■ PROBLEM DESCRIPTION ■
Retype word for word the stretch of entries below from the line that has "3月22日(火)大阪BIG CATにて開催されるSPICE主催イベント『Link by" through the line that has "손님들이 오시면 이렇게 상을 펴놓고 바베큐 파티를 하기도 합니다.", and omit the pictures.

(THE DATA Opens)

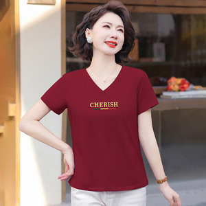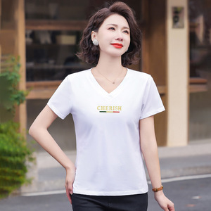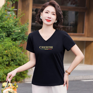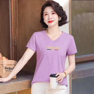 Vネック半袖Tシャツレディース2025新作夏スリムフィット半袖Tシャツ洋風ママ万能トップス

(THE DATA Closes)
(THE DATA Opens)

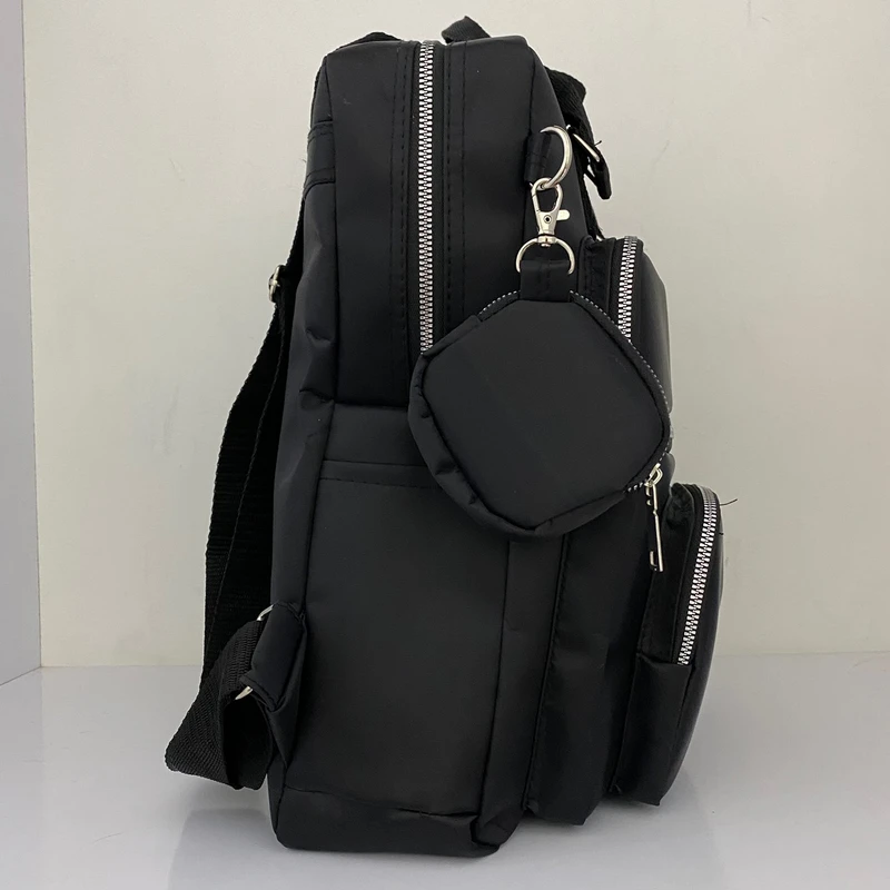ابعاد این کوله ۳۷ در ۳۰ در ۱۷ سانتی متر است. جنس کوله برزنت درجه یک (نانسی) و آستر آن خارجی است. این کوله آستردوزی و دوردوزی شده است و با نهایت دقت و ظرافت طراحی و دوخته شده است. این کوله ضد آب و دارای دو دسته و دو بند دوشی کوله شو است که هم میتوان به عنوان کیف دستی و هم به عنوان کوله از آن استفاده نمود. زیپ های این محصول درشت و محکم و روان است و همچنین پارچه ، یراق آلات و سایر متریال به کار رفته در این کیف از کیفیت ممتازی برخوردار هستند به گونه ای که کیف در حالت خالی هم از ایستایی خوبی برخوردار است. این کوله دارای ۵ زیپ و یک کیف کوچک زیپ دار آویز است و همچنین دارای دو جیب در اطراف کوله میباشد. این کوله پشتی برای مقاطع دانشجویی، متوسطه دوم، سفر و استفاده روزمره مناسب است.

(THE DATA Closes)
(THE DATA Opens)

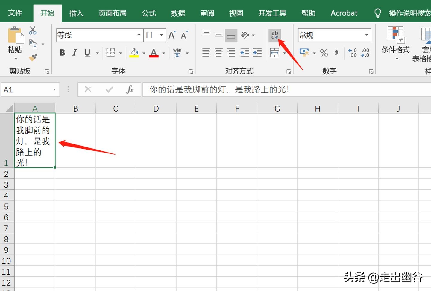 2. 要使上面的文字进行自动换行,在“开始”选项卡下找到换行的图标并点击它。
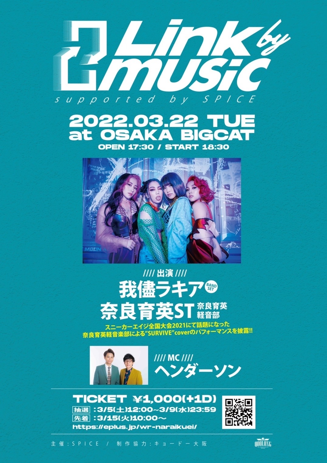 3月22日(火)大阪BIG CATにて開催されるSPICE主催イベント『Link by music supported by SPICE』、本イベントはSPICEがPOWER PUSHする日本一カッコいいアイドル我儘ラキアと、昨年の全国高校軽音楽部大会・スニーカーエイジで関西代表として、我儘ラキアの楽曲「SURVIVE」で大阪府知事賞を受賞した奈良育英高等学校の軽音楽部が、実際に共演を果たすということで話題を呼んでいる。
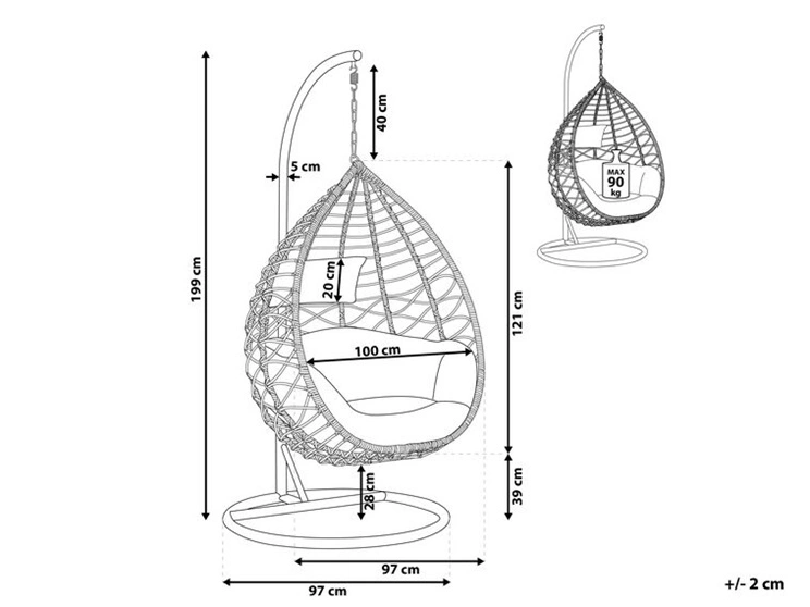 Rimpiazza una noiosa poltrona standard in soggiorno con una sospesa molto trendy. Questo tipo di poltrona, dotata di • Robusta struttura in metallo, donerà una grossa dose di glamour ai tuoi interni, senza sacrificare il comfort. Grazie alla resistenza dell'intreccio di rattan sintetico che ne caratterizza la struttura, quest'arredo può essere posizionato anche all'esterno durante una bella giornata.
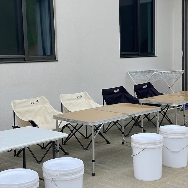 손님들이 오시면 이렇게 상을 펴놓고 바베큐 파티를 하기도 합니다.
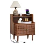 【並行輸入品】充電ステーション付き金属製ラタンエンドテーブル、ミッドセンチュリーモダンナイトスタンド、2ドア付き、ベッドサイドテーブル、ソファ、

(THE DATA Closes)

■ SOLUTION FOR THIS PROBLEM ■
 3月22日(火)大阪BIG CATにて開催されるSPICE主催イベント『Link by music supported by SPICE』、本イベントはSPICEがPOWER PUSHする日本一カッコいいアイドル我儘ラキアと、昨年の全国高校軽音楽部大会・スニーカーエイジで関西代表として、我儘ラキアの楽曲「SURVIVE」で大阪府知事賞を受賞した奈良育英高等学校の軽音楽部が、実際に共演を果たすということで話題を呼んでいる。
 Rimpiazza una noiosa poltrona standard in soggiorno con una sospesa molto trendy. Questo tipo di poltrona, dotata di • Robusta struttura in metallo, donerà una grossa dose di glamour ai tuoi interni, senza sacrificare il comfort. Grazie alla resistenza dell'intreccio di rattan sintetico che ne caratterizza la struttura, quest'arredo può essere posizionato anche all'esterno durante una bella giornata.
 손님들이 오시면 이렇게 상을 펴놓고 바베큐 파티를 하기도 합니다.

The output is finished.